Medical play with real equipment is a valuable teaching strategy that helps children learn about procedures and lets them voice their fears. However, medical play should be age-appropriate and must always be performed under adult supervision. Never leave equipment or medication at any patient's bedside.



Too close for comfort

An order for the microtubule inhibitor eribulin was misinterpreted by a pharmacist and entered into the computer system as epirubicin, an anthracycline cytotoxic agent. Both agents are used to treat breast cancer. A nurse caught the error when comparing the pharmacy label to the original order.

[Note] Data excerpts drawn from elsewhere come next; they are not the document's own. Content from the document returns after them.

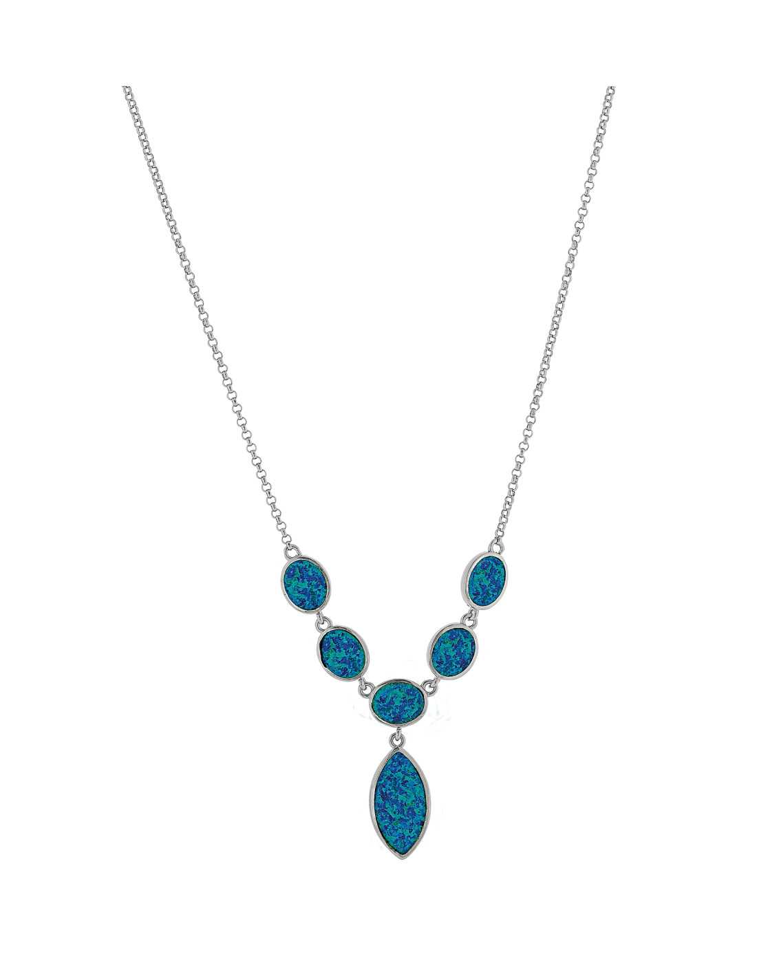 Athena - Opal halskæde med blå opal sten, 925 Sterling sølv & rhodium belægning.
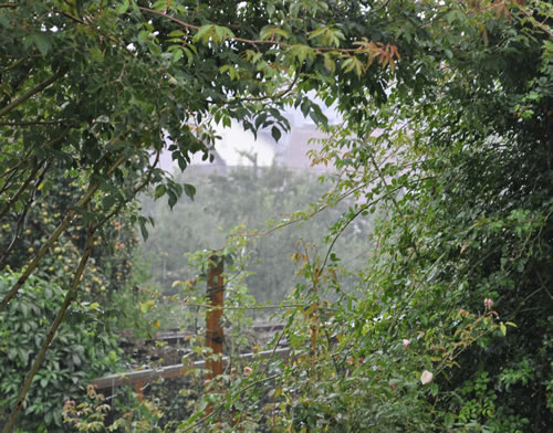 Beide Judasbäume, der rot- und blaublättrige haben immer noch gerollte Blätter, dabei ist jetzt wohl genügend Regen herunter gekommen und hat die Trockenheit endgültig abgelöst. Ob die sich wohl wieder etwas erholen.Die Blätter des Taschentuchbaums zeigen sich wieder fast normal, hier ging es schneller mit der Erholung.Gestern Abend gabs ein fetter Platzregen bei schwarzem Himmel mit Blitz und Donner, innert kurzer Zeit fielen bindfadenartig 22 lt vom Himmel! Die Steinwege standen zeitweise bis zu 10 cm unter Wasser.Hier mal ein Ausguck durch das Rosenfenster, während des Platzregens. Leider hat das Runterpixeln die Bindfäden etwas aufgehoben.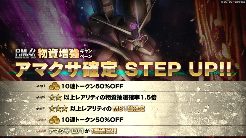 - ・STEP3(トークン30枚):★★★以上レアリティのMSが1機確定!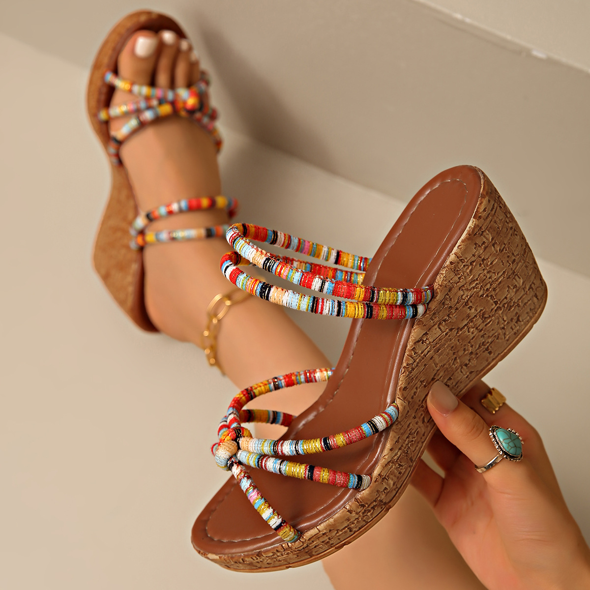 2025 夏の新スタイルクロスボーダー外国貿易大きいサイズウェッジレトロボヘミアンスタイル多用途ファッションツーウェア厚底サンダル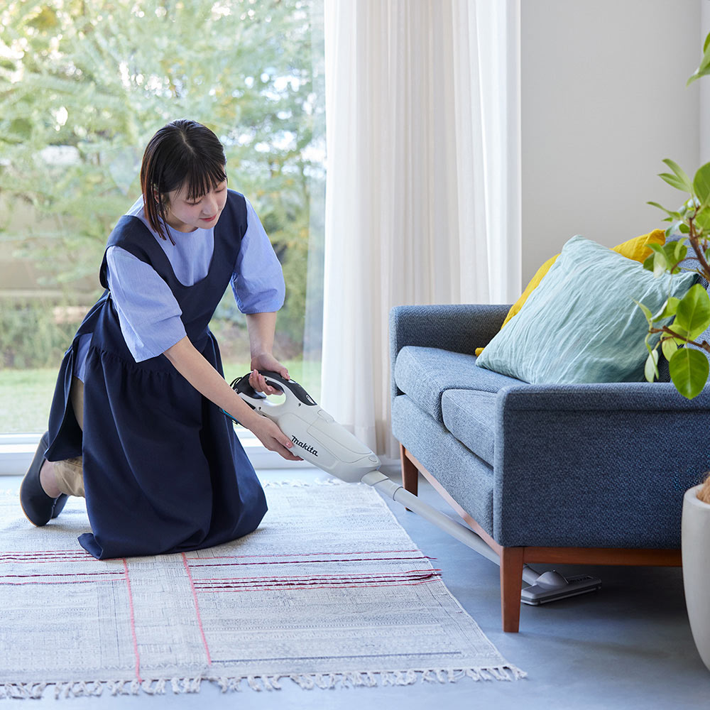 立ったりかがんだりの動作でもじゃまにならない丈感です。

Approved in 2010, eribulin mesylate may be less familiar to healthcare professionals than epirubicin hydrochloride. The names are similar enough to warrant precautions to prevent look-alike or sound-alike mix-ups. The hospital involved in the near-miss incident is applying tallman lettering and adding the salt "mesylate" to the eribulin listing in the computer system. A pharmacist should verify and independently recalculate the dose of any antineoplastic agent before dispensing it. In this case, the typical dosages for the two drugs are very different; this discrepancy should have prompted the pharmacist to call the prescriber for verification.